* [Data shown]
⟨

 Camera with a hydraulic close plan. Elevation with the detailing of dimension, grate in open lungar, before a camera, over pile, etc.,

⟩
⟨

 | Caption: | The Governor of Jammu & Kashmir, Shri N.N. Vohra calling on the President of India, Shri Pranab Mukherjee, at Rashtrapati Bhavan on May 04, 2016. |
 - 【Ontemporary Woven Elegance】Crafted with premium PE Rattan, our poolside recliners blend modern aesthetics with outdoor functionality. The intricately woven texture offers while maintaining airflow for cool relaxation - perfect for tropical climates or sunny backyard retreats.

⟩

* [What needs to be done] Find and copy each line of the listing above that holds the word "with".

* [Written answer]
 Camera with a hydraulic close plan. Elevation with the detailing of dimension, grate in open lungar, before a camera, over pile, etc.,
 - 【Ontemporary Woven Elegance】Crafted with premium PE Rattan, our poolside recliners blend modern aesthetics with outdoor functionality. The intricately woven texture offers while maintaining airflow for cool relaxation - perfect for tropical climates or sunny backyard retreats.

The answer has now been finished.